Fibroblast Immortalization. A retroviral vector was used to introduce human telomerase reverse transcriptase (hTERT) into young presenescent HFL-1 cells. Retrovirus was produced by the PA317 packaging cell line carrying the pBABEpuro-hTERT construct (Ouellette et al., 1999). PA317 cell supernatants containing the virus were passed through a 0.45-µm filter and used to infect HFL-1 cells at passage 13 in the presence of 4 µg/ml polybrene. At 48 h postinfection, 500 ng/ml puromycin was added to select for cells carrying the expression construct. Cells were grown for 2 months in the continuous presence of 500 ng/ml puromycin before use in experiments, which were conducted in the absence of puromycin. Kill curves using uninfected HFL-1 cells established that 500 ng/ml puromycin was a sufficient dose to kill 100% of nonresistant cells within 4 days (data not shown). The retroviral vector became stably integrated because the selected cells could be grown in the absence of puromycin without loss of puromycin resistance or immortalized phenotype (data not shown).

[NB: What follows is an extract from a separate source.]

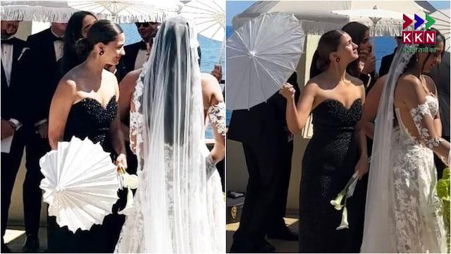 At the elegant white wedding ceremony, Alia donned a sleek, strapless black gown that exuded sophistication. Her ensemble was complemented by minimalist accessories, including black studded earrings, a chic white parasol, and a delicate bouquet of white flowers. With her hair styled in a neat bun, Alia stood gracefully among the bridesmaids, embodying timeless charm.

Telomerase Assay. Telomerase enzymatic activity was determined by telomere repeat amplification protocol (TRAP) assay using the TRAPeze XL Telomerase Detection Kit (Chemicon International, Temecula, CA). Cell lysates were incubated with a telomere-like single-stranded oligo substrate. Telomerase activity adds a series of telomeric repeat sequences, resulting in variable length extensions of the oligo. The extended product was amplified with PCR primers that anneal at six-nucleotide intervals along telomeric repeat sequences, and the resulting PCR product ladder was analyzed by gel electrophoresis. Heat sensitivity of the activity was evaluated by heating the cell extract to 85°C for 10 min. TRAPeze PCR products were run on 10% polyacrylamide Tris borate-EDTA nondenaturing gels, stained with SYBR Green dye, and photographed.

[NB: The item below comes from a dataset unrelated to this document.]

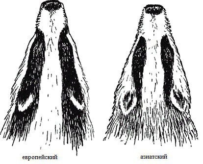 Охотникам напомнили, что основное отличие азиатского барсука от европейского заключается в окраске морды. У азиатского от конца морды через глаз проходит узкая черная полоса. За глазом она становится совсем тонкой, уходит выше уха и там заканчивается. Белая полоса, проходящая по верху головы, достаточно короткая и обычно не доходит до затылка.

Chromatin Immunoprecipitation. Control and beryllium-treated cells were fixed with 1% formaldehyde to cross-link DNA-associated proteins to DNA, then chromatin was sheared enzymatically using ChIP-IT Express (Active Motif, Carlsbad, CA). Chromatin immunoprecipitations used protein G-coated magnetic beads and either p53 DO-1 Ab (sc-126; Santa Cruz Biotechnology) or RNA pol II Ab (Active Motif). After a 12-h incubation at 4°C, beads were washed with ChIP-IT Express reagents, supplemented by additional washes with 100 mM Tris, pH 8.0, 500 mM LiCl, 1% Nonidet P-40, and 1% sodium deoxycholate. Cross-links were reversed by 4-h incubation at 65°C, the protein in the chromatin immunoprecipitation (ChIP) samples was digested with proteinase K, and then the DNA in the ChIP samples was used as template for quantitative real-time PCR.

ChIP PCR was done using the forward primer 5'-GTGGCTCTGATTGGCTTTCTG-3' and the reverse primer 5'-CTGAAAACAGGCAGCCCAAG-3', which flank a p53-binding site in the promoter region of the human p21 gene (Kaeser and Iggo, 2002). The primer binding sites are located at nucleotides 2290 to 2270 and 2205 to 2186 to the 5' side of the p21 gene transcription start site, respectively. Real-time PCR was conducted using a BioRad iCycler with HotStar Taq polymerase (QIAGEN, Valencia, CA) and SYBR Green fluorescence quantitation. All PCR reactions yielded a single 105-bp product with a melting temperature of 83.0 ± 0.5°C, corresponding to the p21 gene amplicon. Initial experiments were also done using a TaqMan probe 5'-[6-FAM]-CTCTGGCATAGAAGAGGCTGGTGGCTATTT-[BHQ1]-3' that anneals to the region of nucleotides 2236 to 2208 to the 5' side of the transcription start. This TaqMan probe gave similar results to those obtained by SYBR Green quantitation, but the latter was slightly more sensitive, so the data produced with SYBR Green are shown. The p21 PCR primers and the p21 TaqMan probe were custom synthesized (Operon Biotechnologies, Huntsville, AL). Some PCR assays used a glyceraldehyde-3-phosphate dehydrogenase (gapdh) primer set (Active Motif).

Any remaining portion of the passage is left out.